Der Betreff sagt schon fast alles - ich bräcuhte Symbole, die "Projekte" oder "Interaktiv" (Chat, Spiele...) symbolisieren.

Ich habe nämlich auf meiner Homepage auf jeder Seite ein Symbol als Hintergrund, z.B. den Umriss eines Hauses für die Home-Seite und das  §  für das Impressum (weil das ja Gesetzlich vorgeschrieben ist).

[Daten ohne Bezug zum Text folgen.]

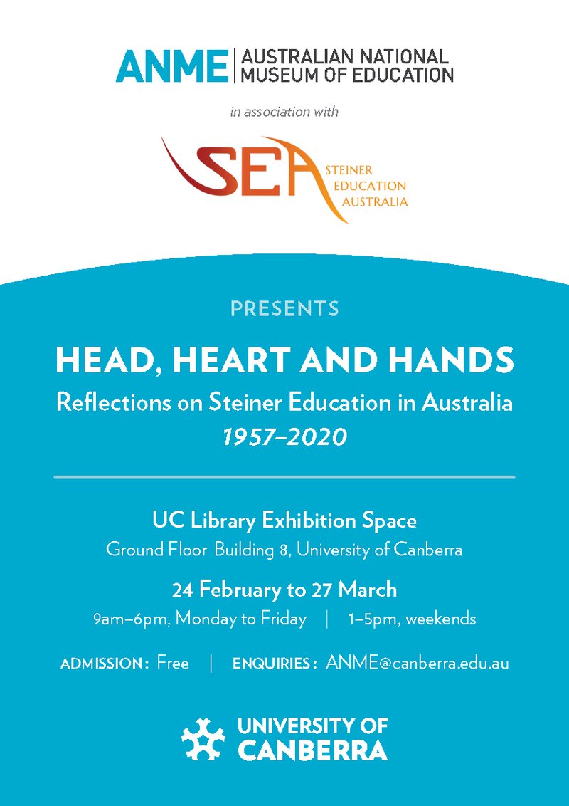 As the first Steiner School established in Australia in 1957, we are delighted to be a part of the Australian National Museum of Education's Head, Heart and Hands: Reflections on Steiner Education in Australia exhibition at the University of Canberra. Our own Glennis Mowday was present at the opening and spoke of Steiner education coming to Australia and the founding of Glenaeon. The founders of Glenaeon are the General Secretary of the Anthroposophical Society, Eric Nicholls and his daughter Marie Nicholls, who also travelled to Canberra as a special guest for the opening of the exhibition. The educational founder of the school was Sylvia Brose AO who began the school with three children one of whom was her neice, Linda St Clair (nee Laycock). Linda also travelled down to Canberra University as a guest for the opening.
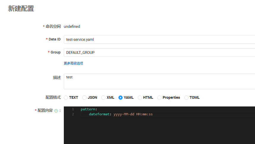 配置起名为:test-service.yaml,类型选为 YAML 类型,配置内容我们写一个时间格式:
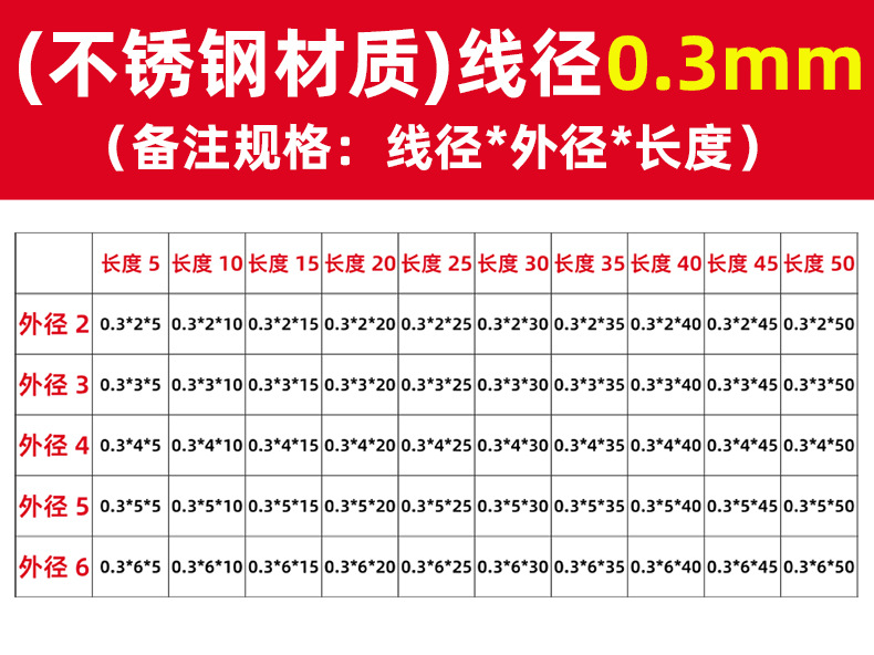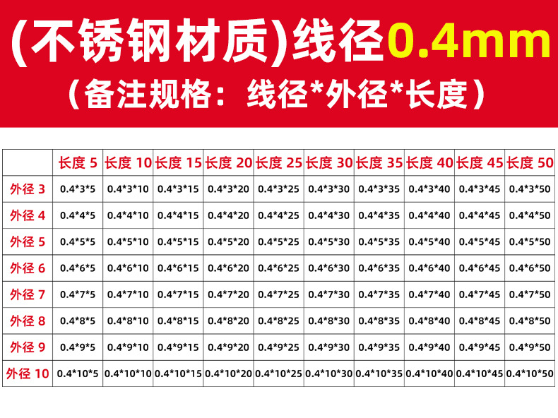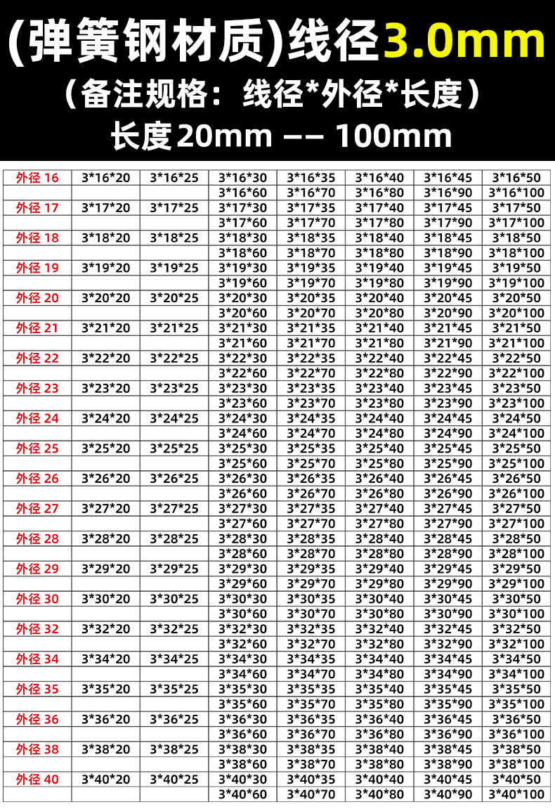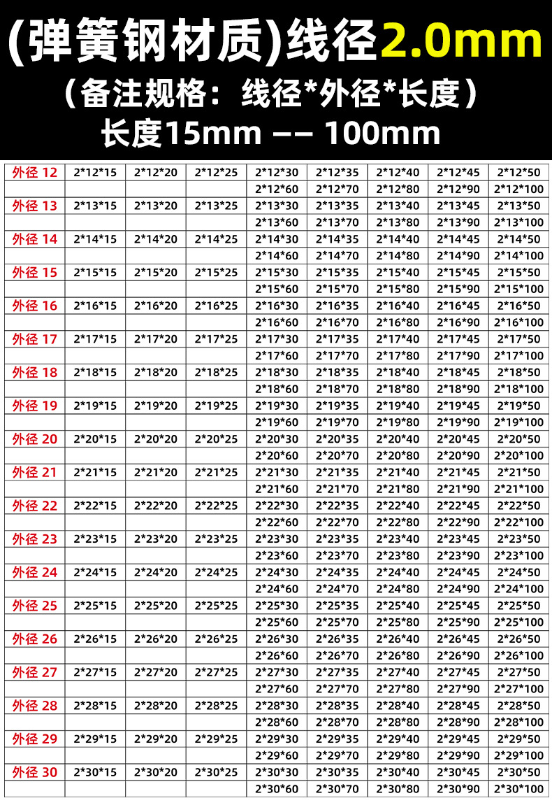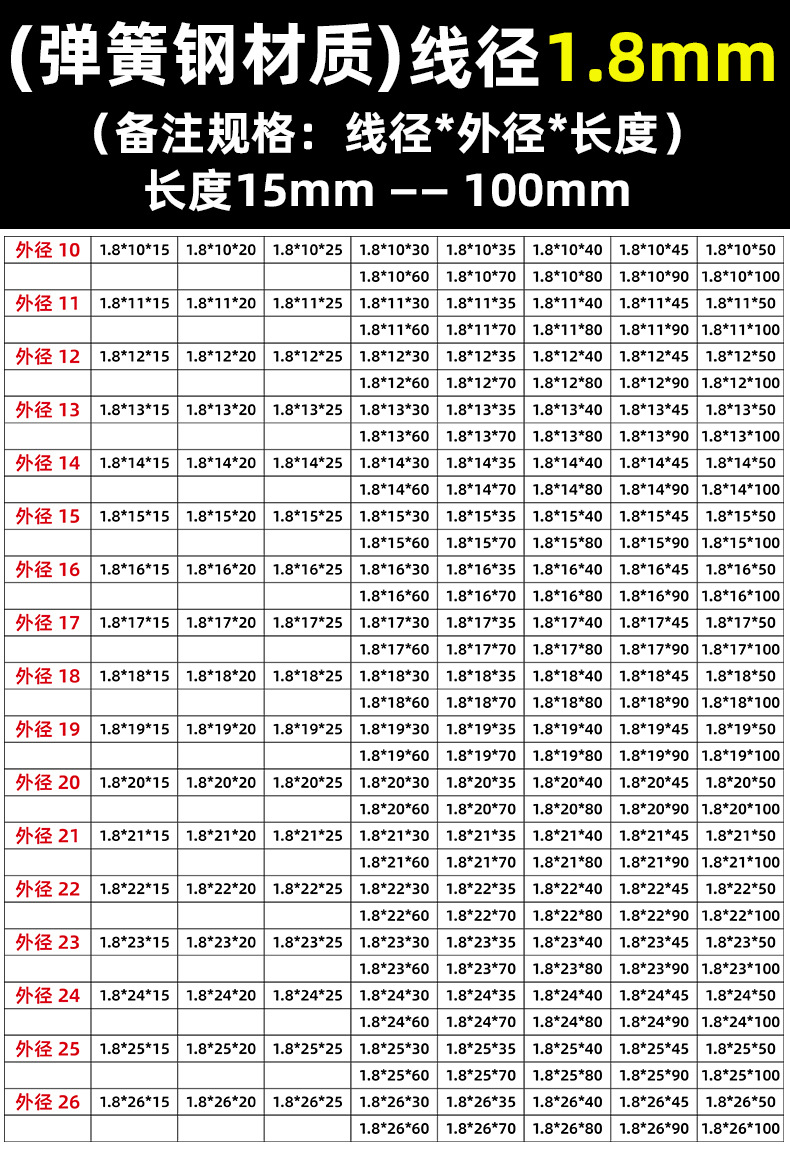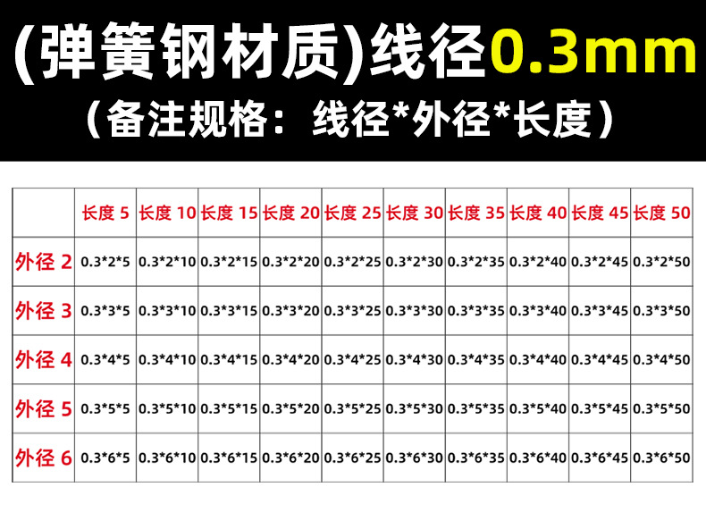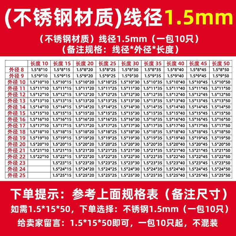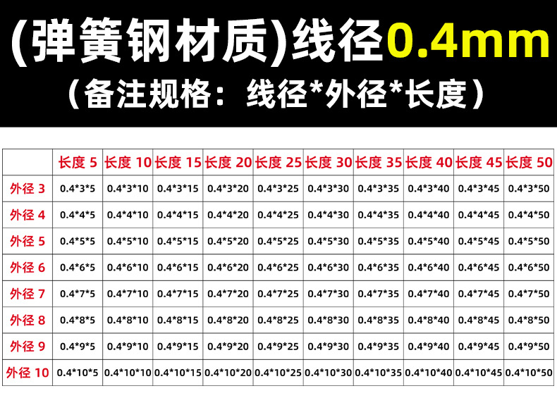 • 치수는 와이어 직경 * 외경 * 길이(밀리미터 단위)입니다.
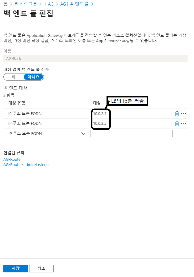 당연하지만, 백 엔드를 지정해 주기전 로드밸런서가 생성되어있어야지 ip를 써줄 수 있다
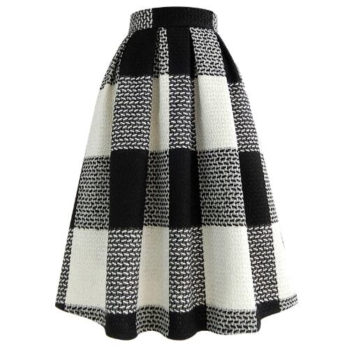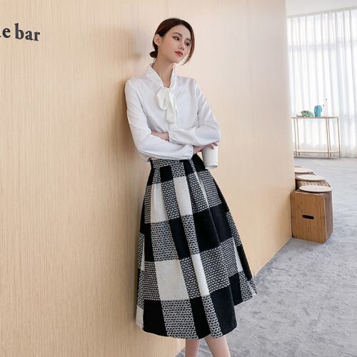 春 スプリング モノトーン チェック フレア ミドル丈 ミディ スカート 上品 RB-R4-03-BY-SA-0080
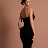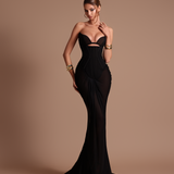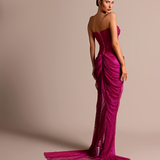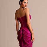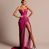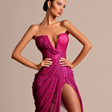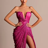 Floor-length fuchsia dress Sweetheart neckline Sleeveless design High thigh slit on the left side Sparkling fabric with sequins Sheer paneling beneath the slit Fitted bodice with a flared bottom Model is wearing a size S- $1,033.50
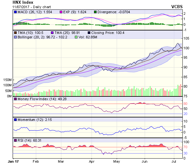 HNX-Index hồi phục nhẹ trong phiên 11/7 sau khi đã điều chỉnh mạnh 2 phiên trước đó. Tín hiệu kỹ thuật ngắn hạn của chỉ số vẫn duy trì tích cực, với kháng cự và hỗ trợ gần nhất lần lượt tại 101,4 điểm (MA5) và 100,4 điểm (MA10). Dự báo phiên 12/7, HNX-Index nhiều khả năng duy trì đà hồi phục để tiến gần hơn đến ngưỡng kháng cự tiếp theo tại 101,4 điểm.
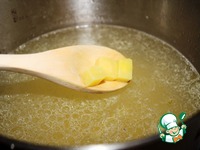 Одновременно отвариваем картофель до полуготовности в курином бульоне (приблизительно стакан бульона отливаем и отставляем). |
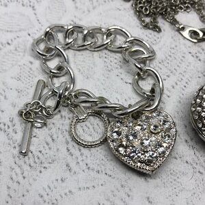 Silver tone toggle clasp rhinestone puff heart charm bracelet.
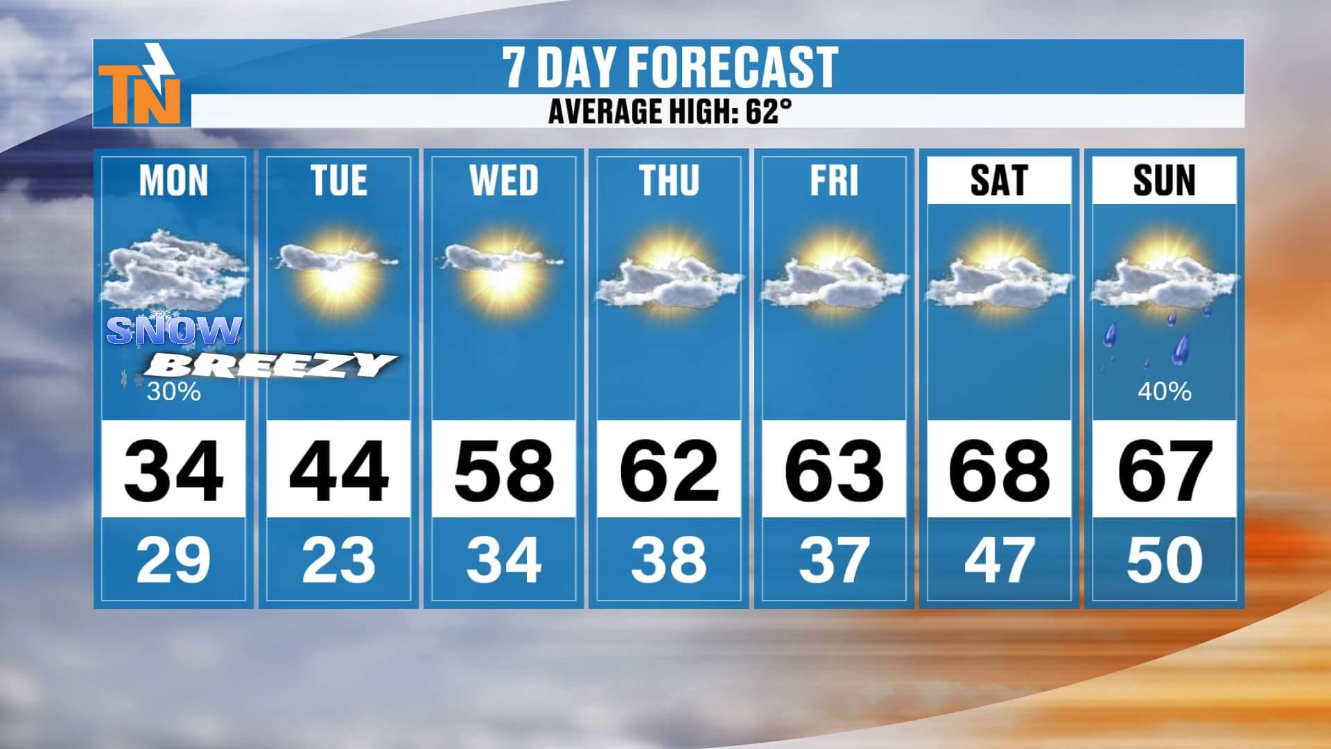 • Tuesday: 44°, still breezy and cold.
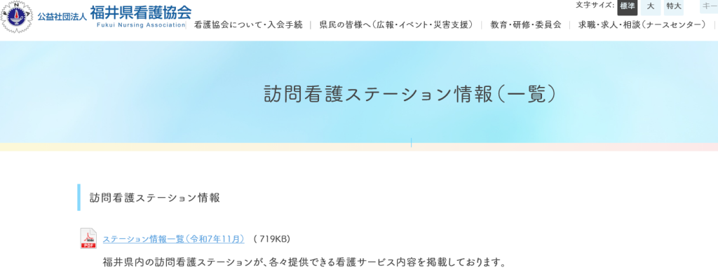 訪問看護ステーション一覧は、福井県看護協会に一覧があるので、、、、
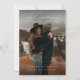 This modern calligraphy wedding invitation combines the elegance of timeless black and white with a contemporary, chic style. The front features a romantic photo of the couple, set against a serene nature backdrop, capturing the essence of a casual, outdoor wedding. The minimalist design is enhanced by the inclusion of a QR code on the back, seamlessly merging traditional and digital elements, making it perfect for a stylish winter or destination wedding. The whimsical, boho-inspired calligraphy adds a touch of rustic elegance, making this invitation ideal for couples who seek a simple yet refined way to invite their loved ones to share in their special day.
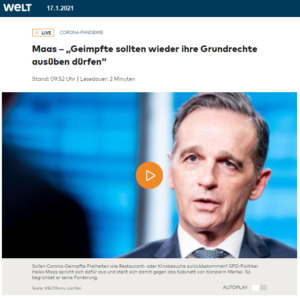 Maas erinnerte auch an die Betreiber von derzeit geschlossenen Restaurants, Kinos, Theater oder Museen. „Die haben ein Recht darauf, ihre Betriebe irgendwann wieder zu öffnen, wenn es dafür eine Möglichkeit gibt. Und die gibt es, wenn immer mehr Menschen geimpft sind. Denn wenn erst mal nur Geimpfte im Restaurant oder Kino sind, können die sich nicht mehr gegenseitig gefährden.“
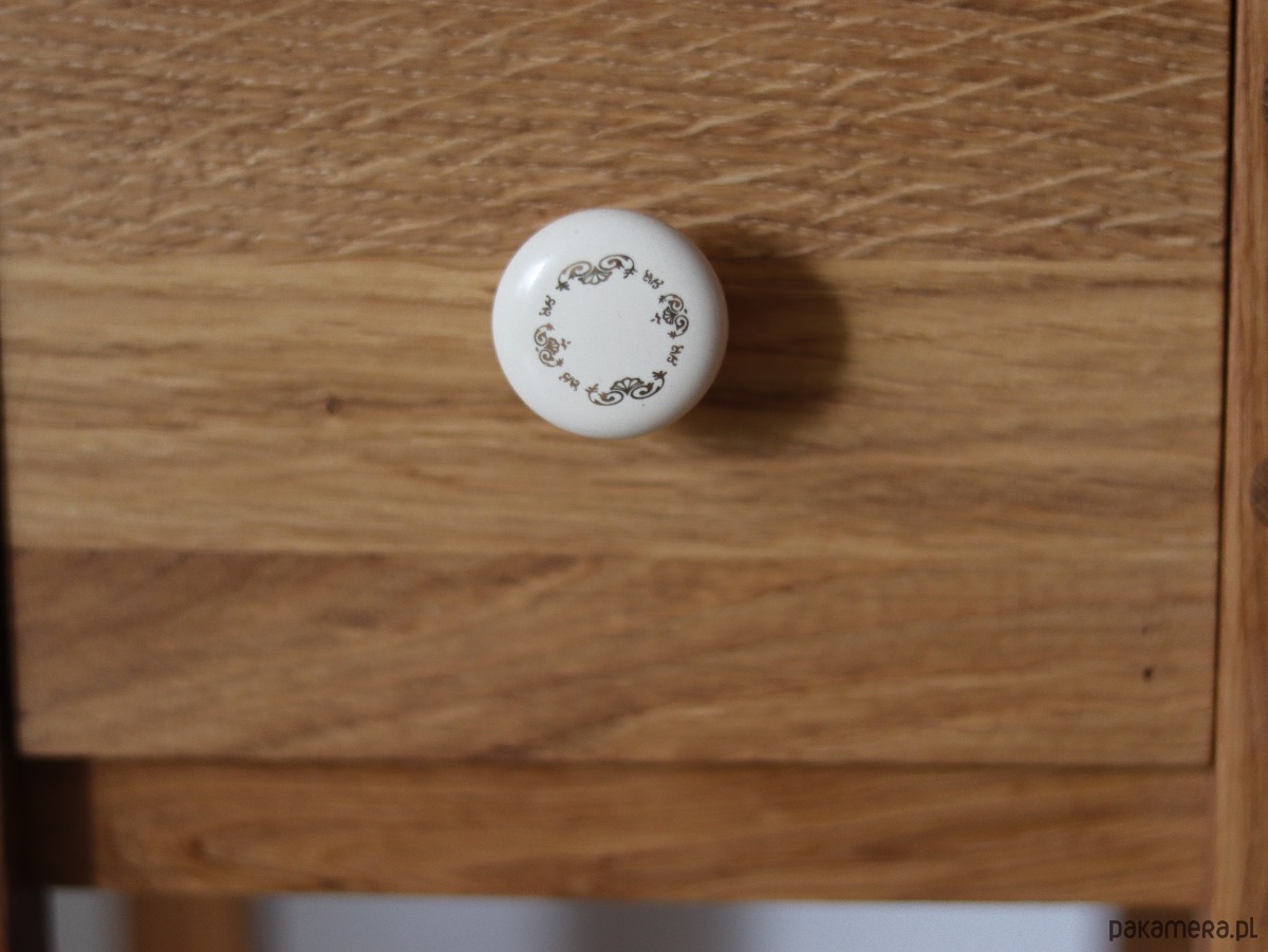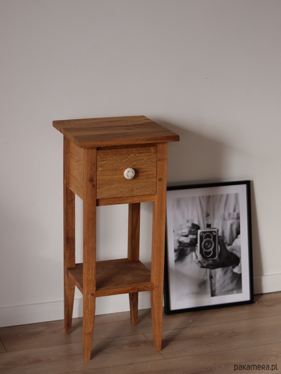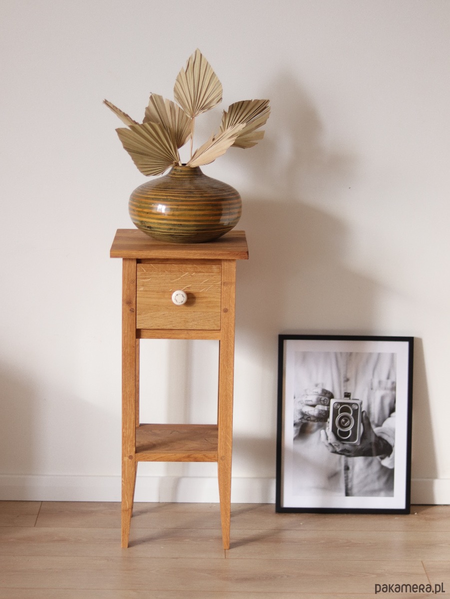 Wysoki stolik z szufladą wykończoną ozdobną gałką i półeczką, jest niezwykle funkcjonalny i estetyczny.
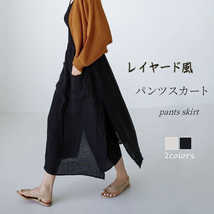 パンツ スカート レディース スカーチョ ワイドパンツ 春 夏 透け感 ロングスカート 9分丈 ボトムス レイヤード 重ね着風 綿 麻 コットン リネン フェイクスカート 涼しい スカートパンツ リラ

Ich hatte mir bereits eine Sprechblase für Interaktiv überlegt, da ich aber wahrscheinlich keinen Chat haben werde, würde sie nicht passen!

Mfg
loeff


----------



## ShadowMan (22. August 2004)

Hi du!

Mir fallen spontan 2 Dinge ein:

Projekte: Vielleicht 2 Blätter im TXT-Stil von Windows 

Interaktiv: Würden mir spontan Zahnräder einfallen, da man ja dann mitglied einer Gruppe ist und ohne ein Zahnrad läuft nichts mehr.

Lieben Gruß,
Manuel ;-]


----------



## Jens B. (22. August 2004)

Super, danke! Aber was meinst du mit



> Vielleicht 2 Blätter im TXT-Stil von Windows




Meinst du dieses "Logo" vom Editor ?


----------



## ShadowMan (22. August 2004)

Hi!

Einfach 2 Blätter mit ein paar dünnen Linien die die Schrift darstellen sollen 

Aber auf sowas hätte man auch leicht selbst kommen können oder?! *gg*
Was wären denn deine Ideen dafür gewesen oder ist dir dazu gar nichts eingefallen was du damit verbindest?

Manuel ;-]


----------



## Jens B. (23. August 2004)

Mir ist echt nichts eingefallen (ehrlich gesat versteh ich immernoch nicht, was Blätter mit Projekten zu tun haben ...  )


----------



## ShadowMan (23. August 2004)

Also ich verbinde Projekte auch mit Notizen, Skizzen usw.

Aber vielleicht fällt dir ja noch was besseres ein.

Manuel ;-]


----------